Why padding in C is valid for variables/structs allocated on stack?

I'm reading about structure padding in C here: http://www.catb.org/esr/structure-packing/.
I don't understand why padding determined during compile-time for variables/structures allocated on stack is valid semantically in all cases. Let me provide an example.
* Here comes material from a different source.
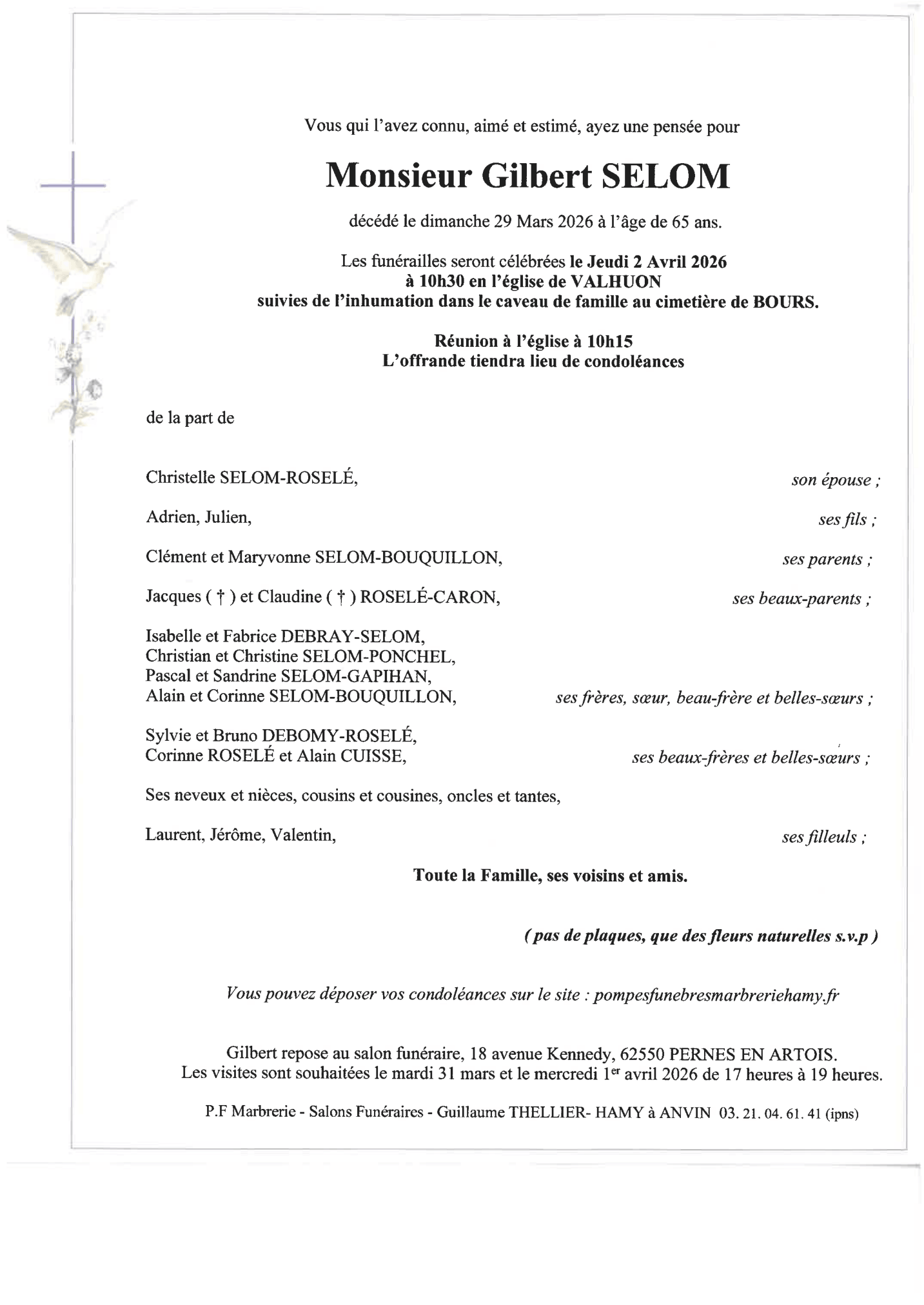 Chère famille, chers amis, C’est avec une grande tristesse que nous vous annonçons le décès de Gilbert survenu le dimanche 29 mars 2026

Say we have this toy code to be compiled:

int main() {
    int a;
    a = 1;
}

On X86-64 gcc -S -O0 a.c generates this assembly (unnecessary symbols removed):

main:
    pushq   %rbp
    movq    %rsp, %rbp
    movl    $1, -4(%rbp)
    movl    $0, %eax
    popq    %rbp
    ret

In this case why do we know that value of %rbp and consequently %rbp-4 is 4-aligned to be suitable for storing/loading int?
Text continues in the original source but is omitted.